Russia’s unprovoked and continued attacks on Ukraine has most of the world outraged, and many investors concerned. While we observe the immediate effects of turmoil across global markets, what these events mean in the long-term is difficult to diagnose. Most likely, we can expect continued higher degrees of volatility over the short term.
The question being asked by many investors as these events unfold is this, "should I make changes to my portfolio to prevent further losses which could be forthcoming?"
As you know, we like to call our clients "investors," but those who move to perceived safer havens during tumultuous times with the thought that, "I'll shift back into my current portfolio when things calm down," well, to engage in that behavior makes one a "gambler." We have seen time and time again, that trying to time markets, just like those who engage in gambling activities, normally ends up being a losing proposition.

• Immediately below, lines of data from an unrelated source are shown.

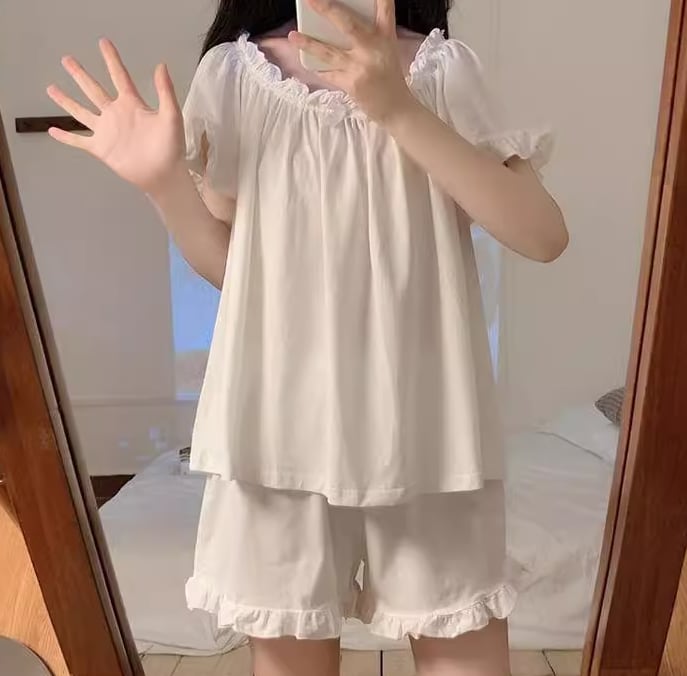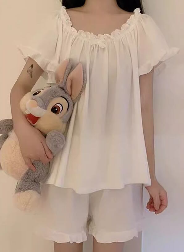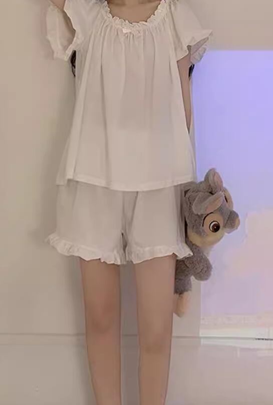 レディース 部屋着 ショート 半袖 フリル袖 ラウンドネック 襟なし レース ふわふわ かわいい M L XL ホワイト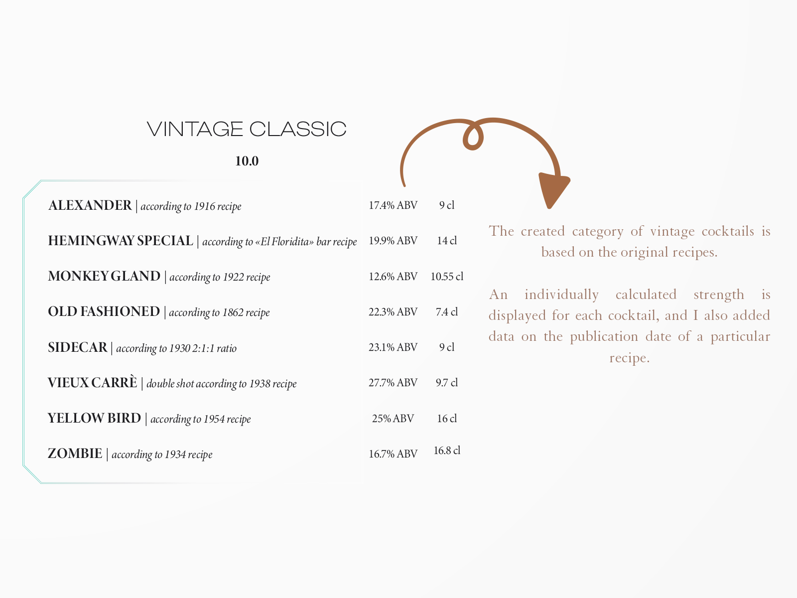 By building on a Node.The JS page of the QR menu, which I later integrated into a website written in PHP, was my goal, not only to give guests a standard opportunity to easily familiarize themselves with the bar's assortment, but also to get basic information about each of the more than 200 drinks, so I added unique information about each of them.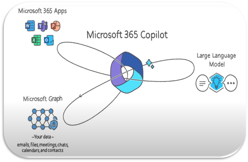 Microsoft Copilot is an AI-powered assistant integrated into Microsoft 365 apps like Word, Excel, PowerPoint, Outlook, and Teams. Think of it as an employee or coworker who always knows the answer, never takes sick days, and won’t judge your love for overly complicated Excel formulas.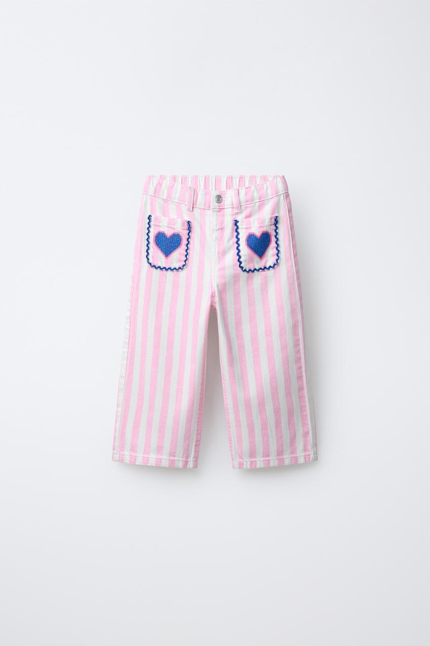 Брюки-кюлоты с регулируемым изнутри поясом. Застегиваются на кнопки. Накладные карманы с вышитыми сердечками спереди. Принт в полоску.

Instead, realize that it is unusual for markets to be solely driven by geopolitical events over the long-term, and considering a look at history can provide some important perspective, as this chart shows:
Here's the key takeaway: while the human and social costs of war are terrible, and watching the current news is sad and sobering, geopolitical events tend to have few lasting effects on markets. Stocks rise and fall, and then they tend to rise again. If you invest with a disciplined, long-term, strategic approach, current events are unlikely to have a dramatic effect on your investments over the long term.
As we like to say at Henry Wealth Management, "Build a portfolio that you can live with and then, live with it."